Excellent and neat, Mauricio

Thanks.

JPF

by **Addlan** » Wed Nov 12, 2008 4:29 pm

gsf wrote:adding one clue to each results in two non-isomorphic 50 clue puzzles with 49 clues in common
Code: Select all
123486.9.45.1973.27.92..1.481752.9.65...1927.39267..1.671....2.2....163.93..62..1 123486.9.45.1973.27.92..1.481752.9.65...1927.39267..1.671....2.2....164.93..62..1

We can rephrase it as: grid 1 can be transformed into grid 2 by swapping the digit 3 and the digit 4 (where they differ), i.e. if that digit 3 in grid 1 is changed to digit 4, it can lead to grid 2. View in this way, the distance between grid 1 and grid 2 is 1 clue.

by RW » Wed Nov 12, 2008 8:33 pm

Addlan wrote:We can rephrase it as: grid 1 can be transformed into grid 2 by swapping the digit 3 and the digit 4 (where they differ), i.e. if that digit 3 in grid 1 is changed to digit 4, it can lead to grid 2. View in this way, the distance between grid 1 and grid 2 is 1 clue.

I was just thinking about this option for measuring distance as well... If this is the measure, then the distance between 2 grids can't be very large. Take for example one of the most distant grid pairs so far:

Code: Select all: distance 48 123456789456789123789123456231564897564897231897231564312645978645978312978312645 128453769456179823793682154231867495965341287874295316317526948642938571589714632 +---+---+---+ |12.|45.|7.9| |456|..9|.23| |7..|...|.5.| +---+---+---+ |231|.6.|.9.| |.6.|...|2..| |8..|2..|...| +---+---+---+ |31.|...|9.8| |64.|9.8|...| |...|.1.|6..| +---+---+---+ 92 grid solutions.

Only 92 solutions...

How many unavoidable sets are there in the 48 empty cells?

If we define "step" as swapping the digits in an unavoidable set, how many steps are there in the shortest path from the first grid to the next?

If we define "step" as swapping a digit in a puzzle made from the original grid, how many steps are there in the shortest path from the first grid to the next? This should be equal to or less than the steps in the previous question, because by changing one clue we may swap several unavoidable sets.

For the last question, I think we should add that each "step" must lead to another valid puzzle. This way we will also find a collection of grids that lies in between the two original grids.

RW

by **Addlan** » Thu Nov 13, 2008 12:51 am

RW wrote:If we define "step" as swapping a digit in a puzzle made from the original grid, how many steps are there in the shortest path from the first grid to the next?
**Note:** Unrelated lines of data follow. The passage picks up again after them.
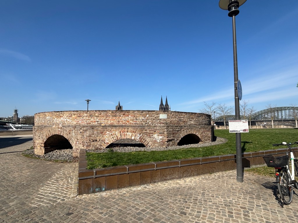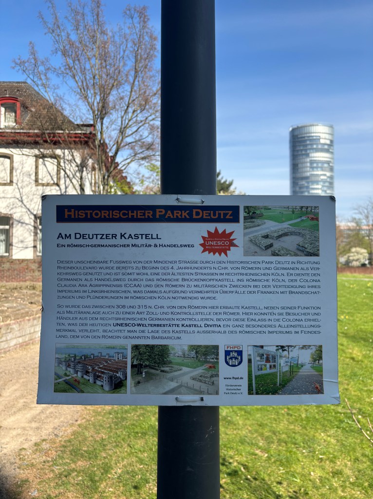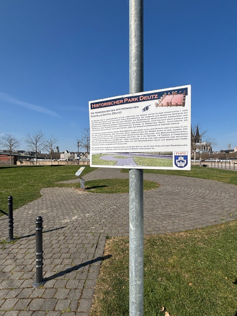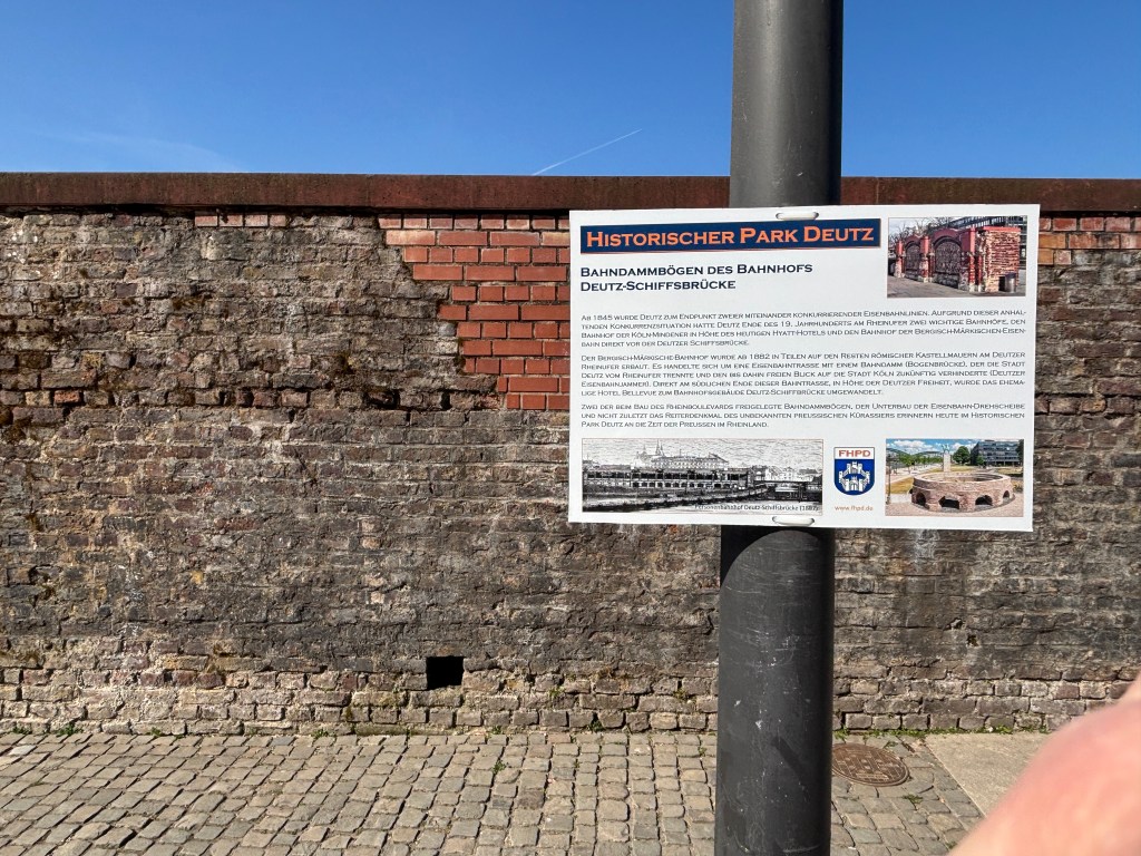 Wir gehen durch die Unterführung der Straßenbahnhaltestelle direkt in den historischen Park am Deutzer Rheinufer mit dem Kastell Divitia Deutz (römisch germanischer Militär- und Handelsweg). Zu entdecken gibt es ebenfalls den Unterbau einer Eisenbahn-Drehscheibe des Bahnhofs Deutz – Schiffsbrücke, die Nordmauer des spätrömischen Kastells Divitia Köln Deutz, Bahndammbögen des Bahnhofs Deutz-Schiffsbrücke.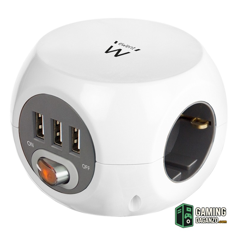 La toma de corriente cúbica EW3939 dispone de 3 salidas de alimentación para conectar 3 dispositivos. Los tres puertos USB son adecuados para cargar teléfonos inteligentes y tablets con una carga máxima de 2,4A a la vez.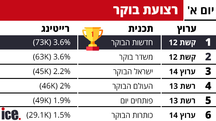 ברצועת הבוקר המתחרה, קשת 12 מחזיקה במקומות הבכירים עם שני תכניות מובילות: "חדשות הבוקר" עם נסלי ברדה רושמת 3.6% רייטינג ו-73 אלף צופים, ו"משדר בוקר" של יואב לימור זוכה לאותו רייטינג של 3.6% עם 63 אלף צופים. ערוץ 14 מגיע למקום השלישי עם "ישראל הבוקר" של עידן טאובר ברייטינג של 2.2% ו-45 אלף צופים. רשת 13 מחולקת בין "העולם הבוקר" עם 2% רייטינג ו-46 אלף צופים ו"פותחים יום" ברייטינג של 1.9% ו-49 אלף צופים. ערוץ 14 סוגר עם "על הבוקר" ברייטינג של 1.5% ו-37 אלף צופים.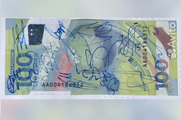 Житель Центрального района Твери продает редкую банкноту номиналом 100 рублей, выпущенную к Чемпионату мира по футболу 2018. Особенностью купюры является то, что она подписана автографами футболистов и главного тренера сборной России.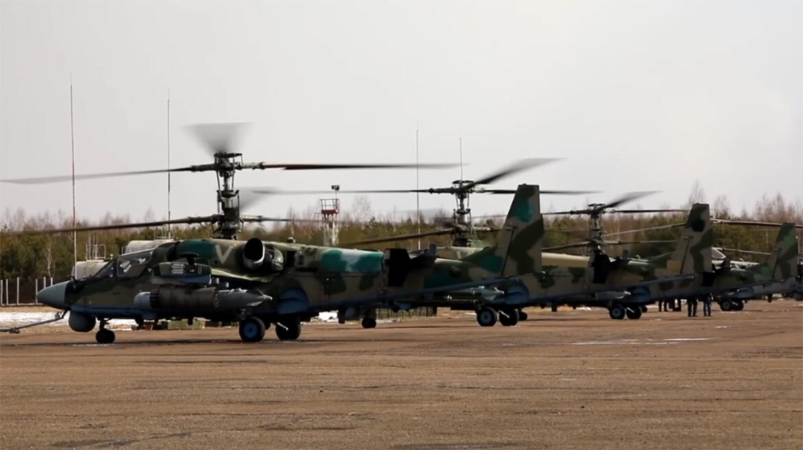 (Merxwire/綜合報導) 俄羅斯國防發布影片,在惡劣的天氣條件下以Mi-28N(北約代號:浩劫)和Ka-52攻擊直升機對烏克蘭武裝部隊的防禦工事和裝甲車輛發動攻擊。俄羅斯空軍以優勢的飛彈、機槍與火炮武器摧毀坦克、裝甲車與各式車輛。

It appears to be a hard question to me - It might be easy to find a path between two grids, but it seems hard to find the shortest path between two grids. No ideas at all at the moment.
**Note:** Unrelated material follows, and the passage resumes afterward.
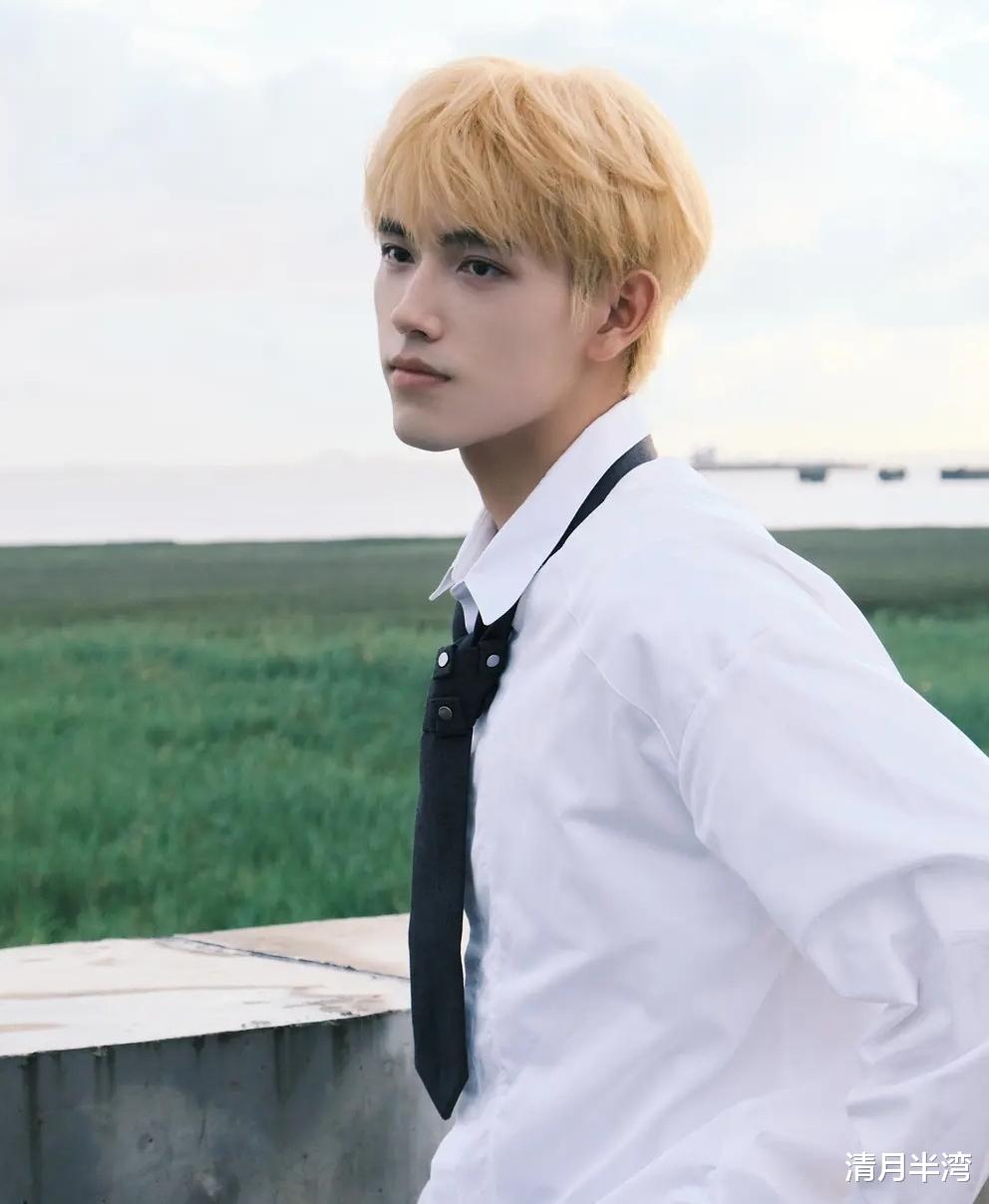 22岁演《点燃我,温暖你》,染一头金发,穿件白衬衫,眉目深情且略带忧郁气质,高智商编程天才李峋帅得仿佛漫画里走出来。

by RW » Thu Nov 13, 2008 2:55 am

Addlan wrote:
RW wrote:If we define "step" as swapping a digit in a puzzle made from the original grid, how many steps are there in the shortest path from the first grid to the next?

It appears to be a hard question to me - It might be easy to find a path between two grids, but it seems hard to find the shortest path between two grids. No ideas at all at the moment.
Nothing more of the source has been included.